Establishment of Sino-Russian joint ventures to create fish farms on the Kurils, disputes between Russia and Japan. Moscow also wants to create a modern military base there. But Tokyo has no intention of giving up the islands, rich in fish, oil and gas.

Tokyo (AsiaNews / Agencies) - Russian and Chinese Fishing Companies want to set up joint ventures for the exploitation of the Eastern Kurils Islands. But the archipelago is disputed between Russia and Japan.

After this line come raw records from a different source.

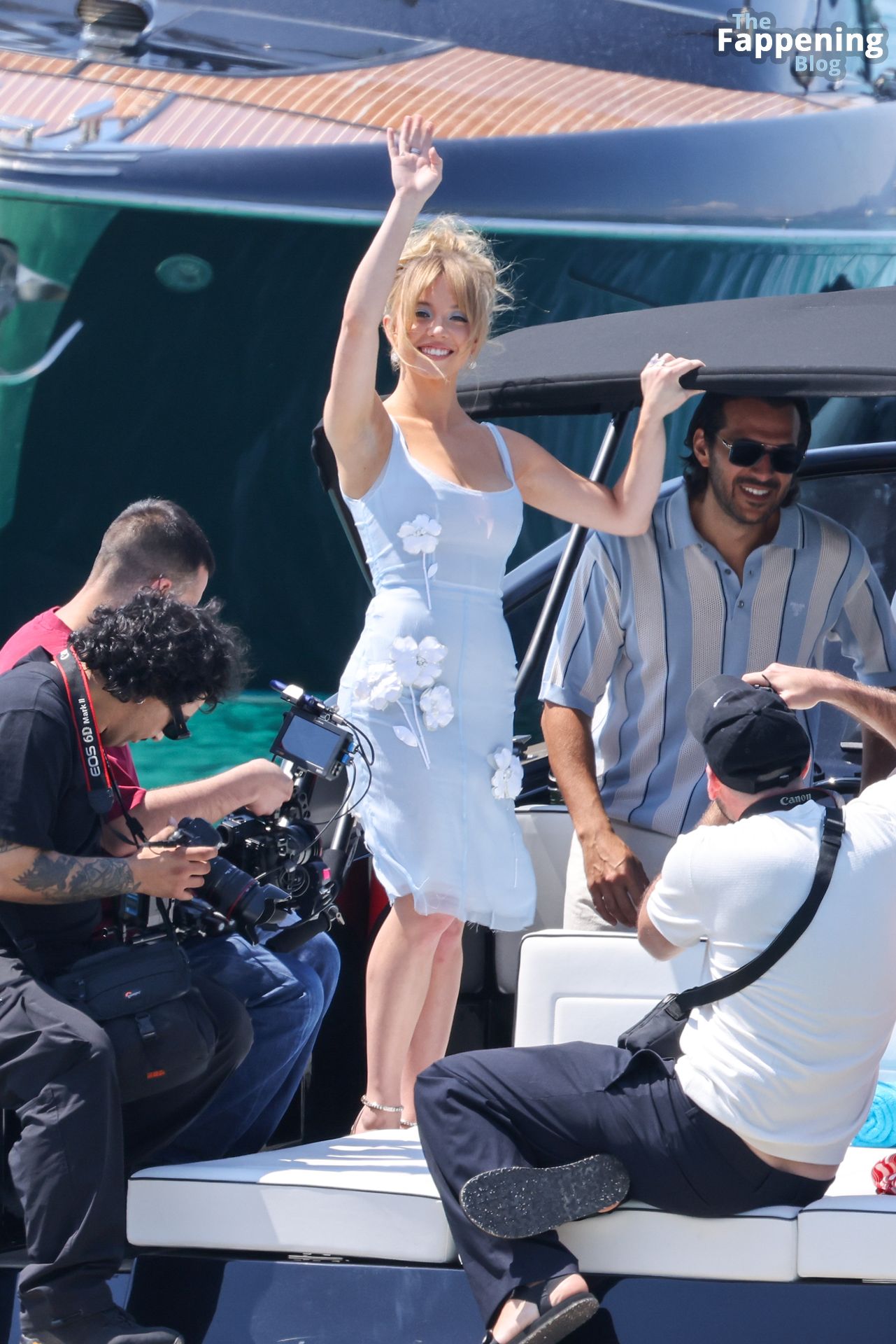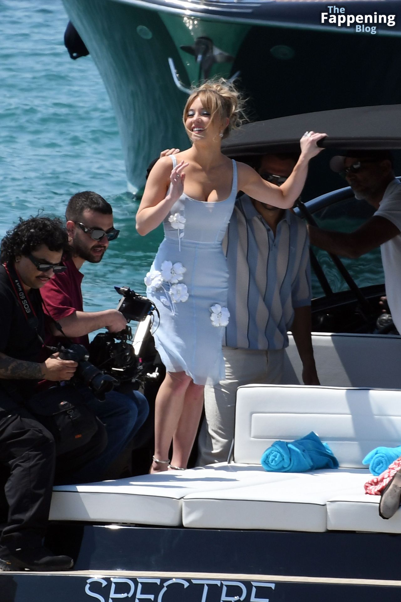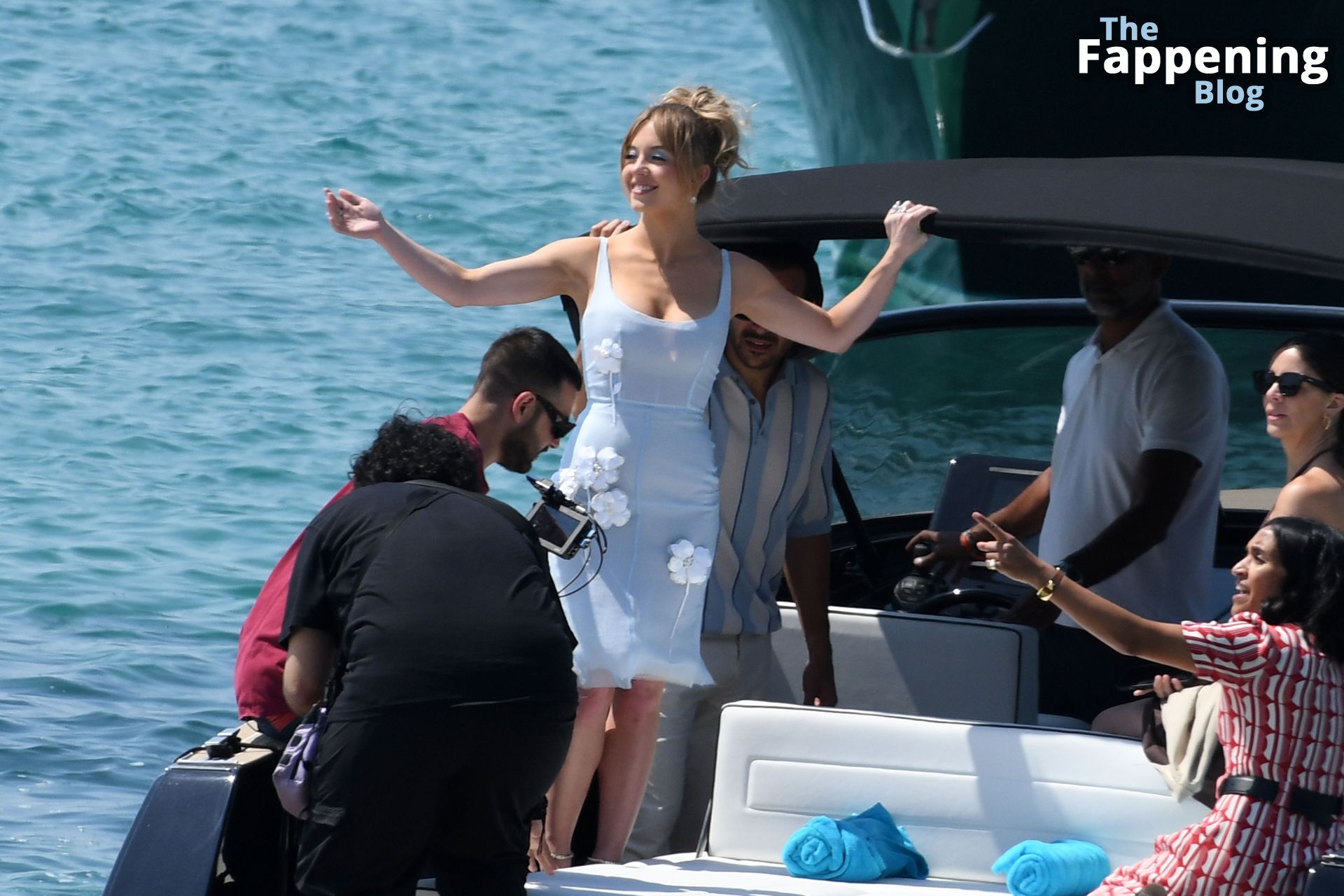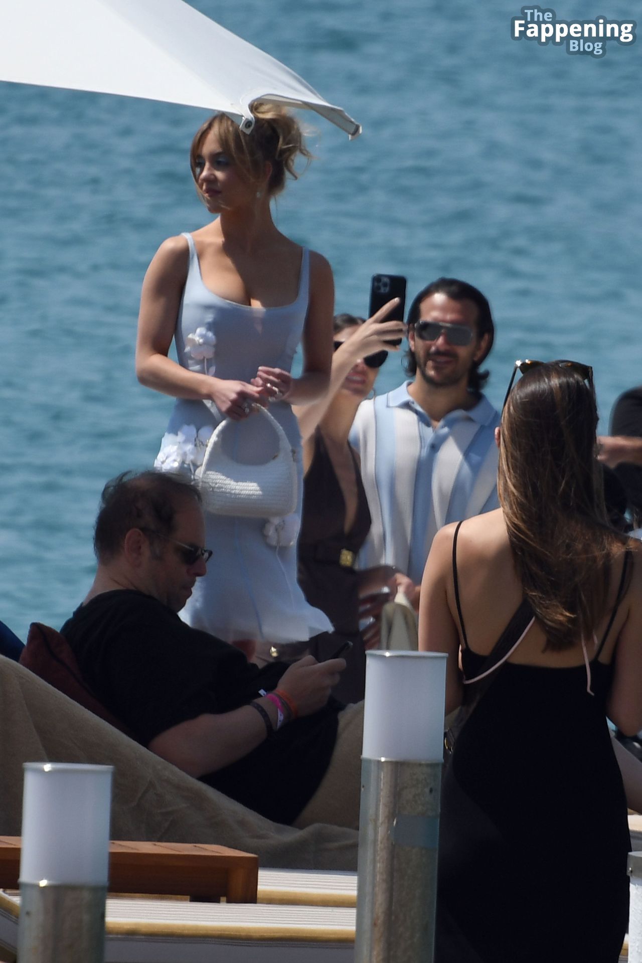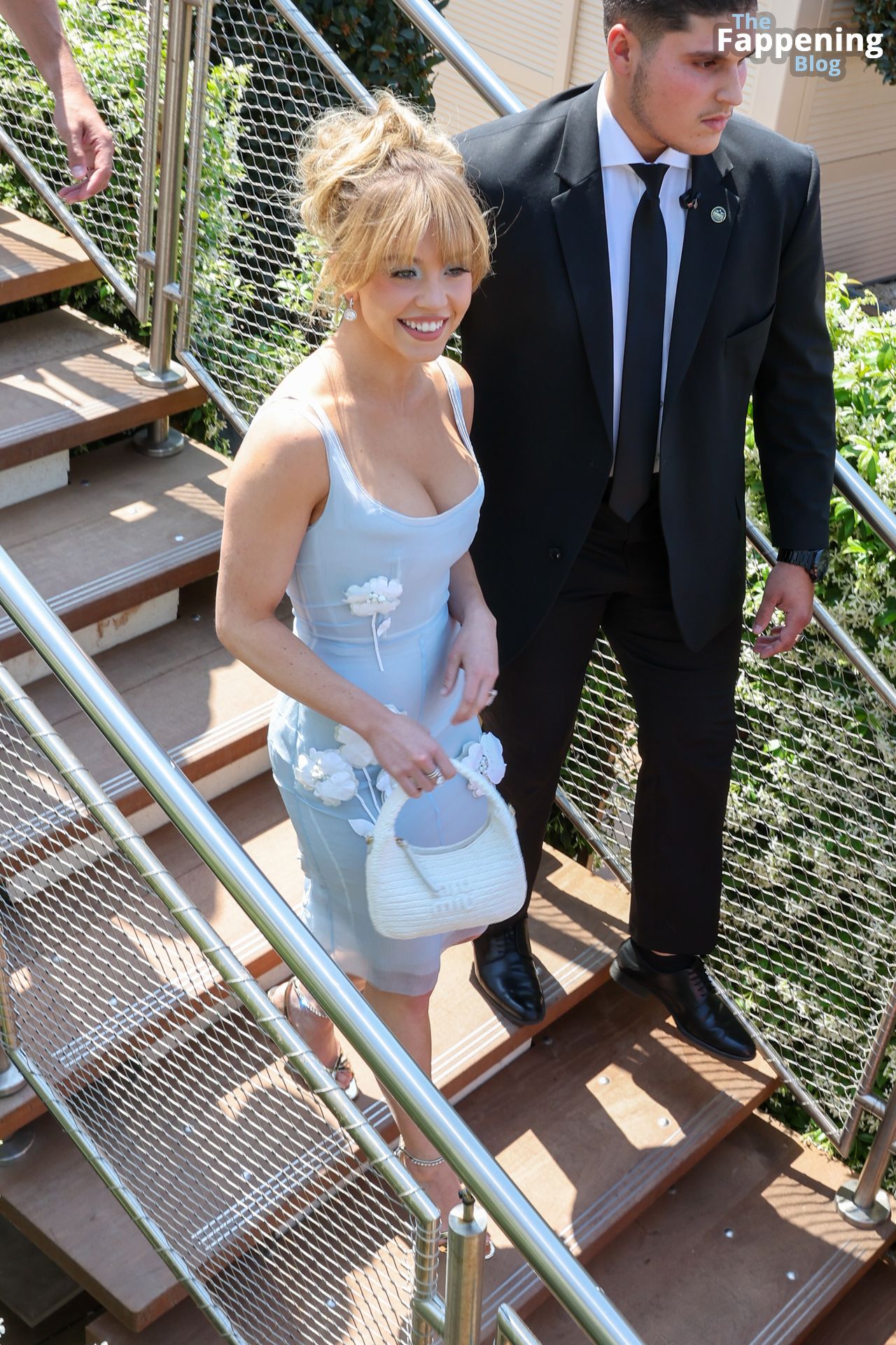 La actriz estadounidense Sydney Sweeney luce elegante mientras es fotografiada saliendo del Hotel Martinez en Cannes, 23/05/2023.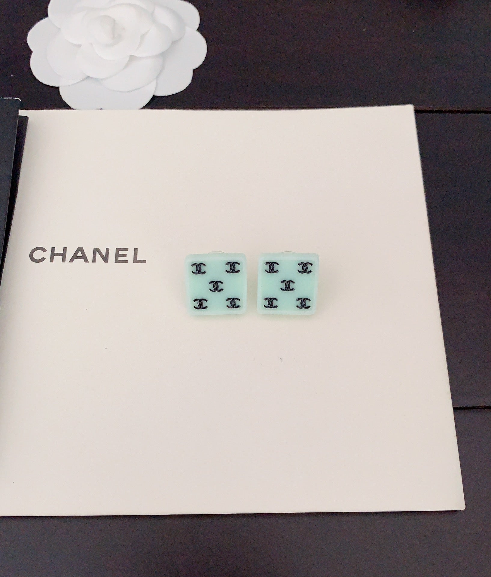 18K CC Green Resin Earrings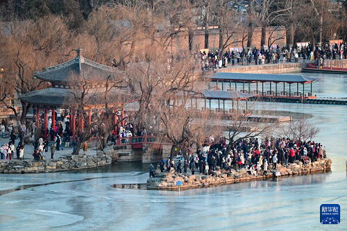 12月21日是冬至节气,北京颐和园十七孔桥的“金光穿洞”景观吸引了众多游客与摄影爱好者观赏拍摄。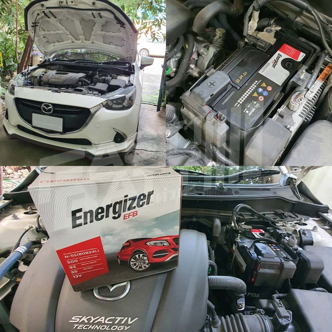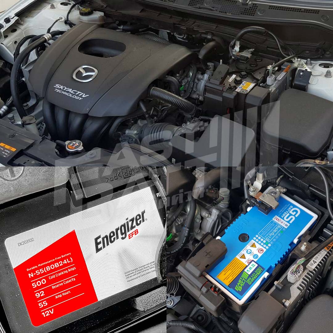 - Mazda 2 Skyactiv-G 1.3 เบนซิน ปี 2015-2023 ใช้ EFB 55 แอมป์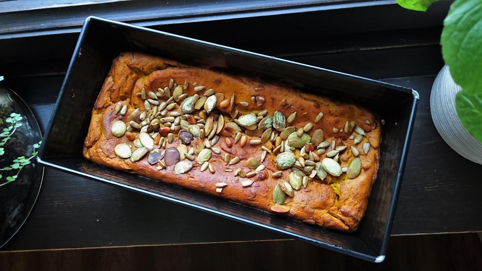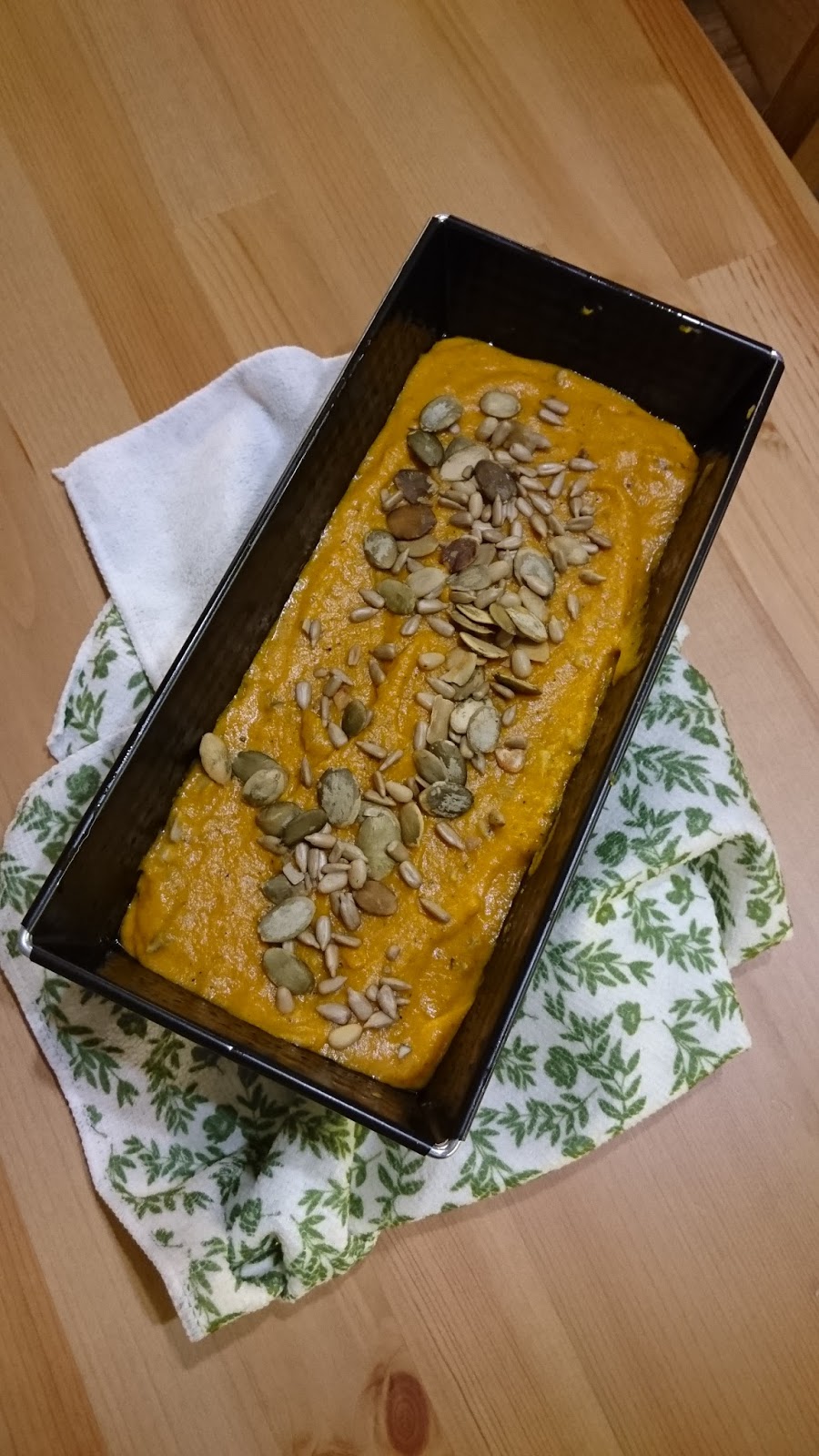 • do ciasta wrzuć pestki dyni i słonecznika, wszystko dokładnie wymieszaj i przełóż do foremki wysmarowanej masłem lub olejem do pieczenia,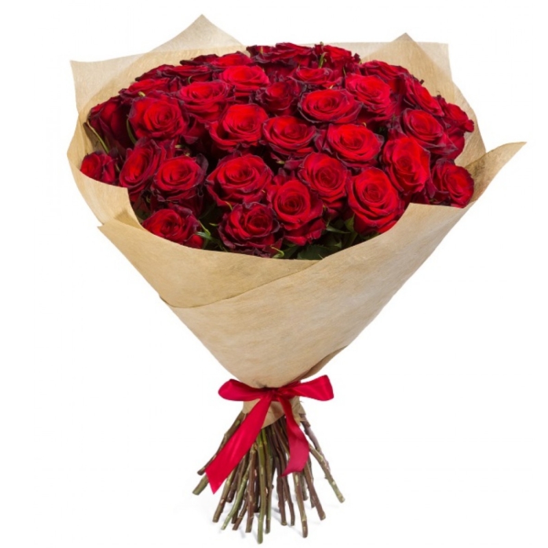 Букет состоит из 31 красная роза, крафт, атласная лента.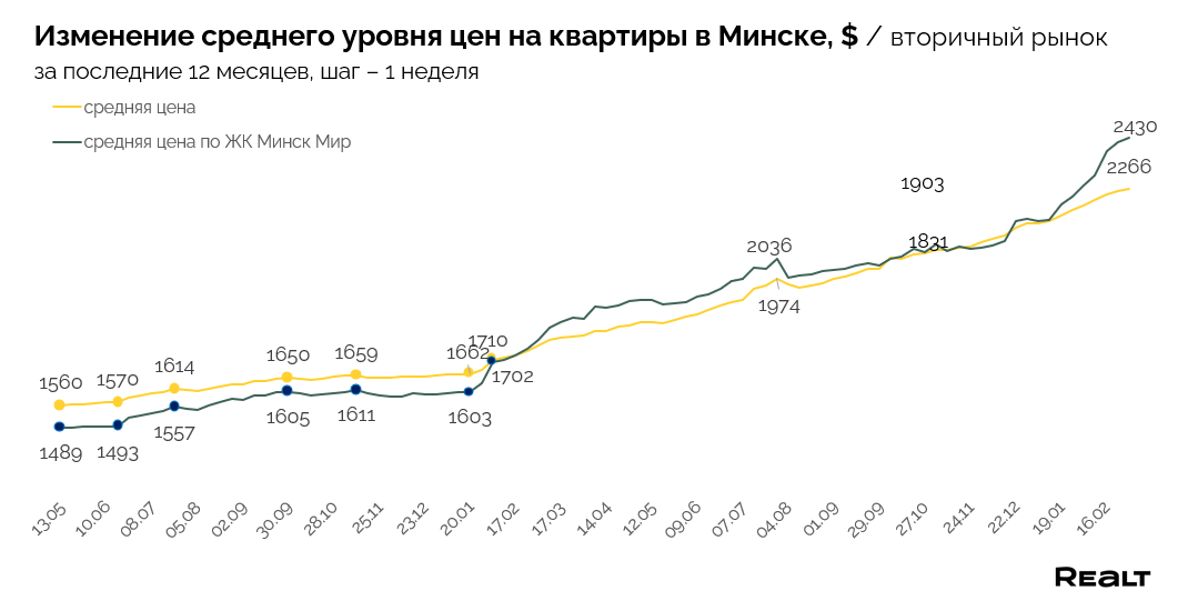 Понимая ваш интерес к квартирам в ЖК «Минск-Мир», теперь мы будем отслеживать динамику цен конкретно по этому комплексу.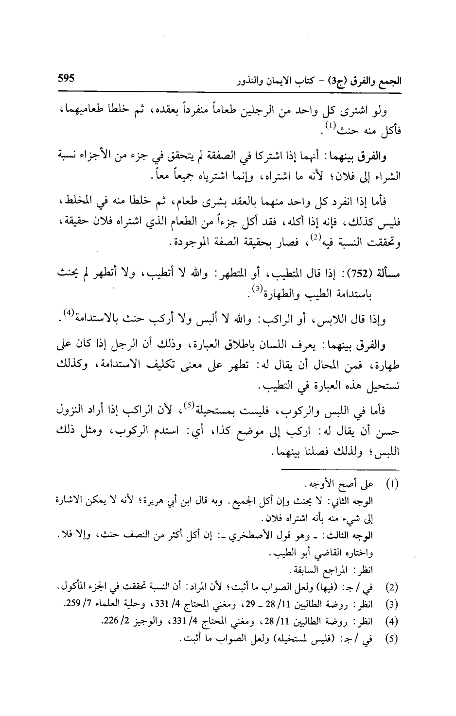 فأما إذا انفرد كل واحد منهما بالعقد بشرى طعام، ثم خلطا منه في المخلط، فليس كذلك، فإنه إذا أكله، فقد أكل جزءًا من الطعام الذي اشتراه فلان حقيقة، وتحققت النسبة فيه، فصار بحقيقة الصفة الموجودة.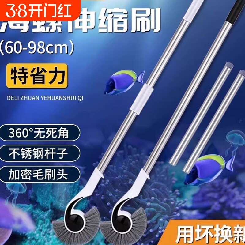 森森鱼缸刷子清洁长柄鱼缸清理工具无死角海螺刷海马刷擦清洗神器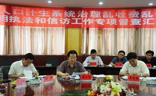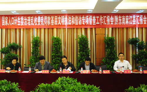 2012年5月21日至5月25日,國家人口計生委關于開展治理亂收費亂罰款、基層文明執法和信訪工作的專項督查組第四組對貴州省進行了督查。第四督查組由國家人口計生委黨組成員、巡視組組長席小平帶隊,國家人口計生委巡視組、政法司人員組成,巡視組巡視專員賈有祥等4名同志參加。貴州省人口計生委黨組書記、主任王忠和副主任黃平同志,省政法處人員陪同參加了督查活動。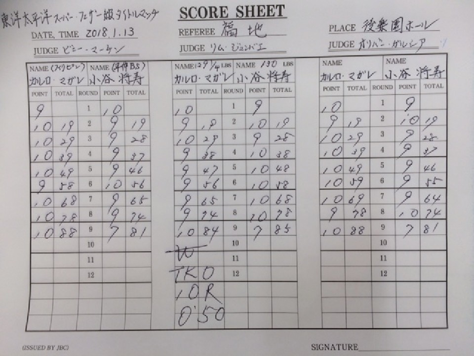小谷はマガレの強力なフックを巧みにかわして右ストレートをヒット。しかし、ガードを固めジャブから左ボディを繰り出したマガレの攻撃にダメージを負った。中盤、守勢を強いられた小谷は右を返し反撃を試みたが、挽回するまでには至らず。9回、マガレは左アッパーから右フックで先制のダウンを奪うとラウンド終了間際に右でダウンを追加した。10回、勝負をかけた小谷だったが、マガレの連打を浴びるとレフェリーが割っ

The Russian Fisheries Agency and a Chinese firm want to establish a scallop farm on the island of Shikotan, just north of Japan's Hokkaido. Other enterprises include the cultivation of sea urchins on Kunashir island. Even South Korean companies want to catch fish and trade in the Kurils. But Zhaoxu, Chinese Foreign Ministry spokesman, said Feb. 17 that it had no detailed reports of these business initiatives and hopes that Japan and Russia will resolve their dispute.

The islands, formerly the territory of Japan, which calls them the Northern Territories, have been controlled by Russia since the Second World War. Recently, Moscow has made a series of demonstrative projects to reaffirm its rule such as a "visit" made at the end of October by Russian President Vladimir Medvedev (pictured) and the subsequent visits of the Deputy Prime Minister for Economic Affairs Igor Shuvalov, December 2010 and that of Defense Minister Anatoly Serdyukov in February 2011.

Japan reacted with the decision, claiming its exclusive right over the archipelago. On February 7, Day of the Northern Territories, Japanese Prime Minister Naoto Kan has called Medvedev's visit "unacceptable."

Russia has said that any further discussion on the sovereignty of the islands is "without basis".

The situation is worsened by the need for both parties to present an image of strength and resolve. In recent years, Moscow had repeatedly called on Tokyo to deal with the territorial dispute, but it has also developed investments in remote eastern Russia, without the agreement of Japan. So the current crisis is seen by Moscow as a demonstration of decisive foreign policy and the Russian military presence in the area.

The Kurils are in a strategic position for controlling access to the Okhotsk Sea and are rich in fish and other raw materials (iron ore, oil and natural gas). Marcin Kaczmarski, from the Centre for Eastern Studies, points out that the Russian General Nikolai Makarov announced the creation of a military garrison on the islands, which could be equipped with rockets and heavy artillery, advanced systems and helicopter gunships. A base that will ultimately prove Moscow’s determination in claiming territorial rights.

The visit to Moscow on February 11 by Seiji Maehara, the Japanese Minister of Foreign Affairs, has not served to ease tensions. Maehara has already made contact with South Korean counterparts to reaffirm Japan's sovereignty over the area. He is also due to travel to China in April, even though Beijing appears to give the visit a low profile, also considering the current difficulties of the Japanese government.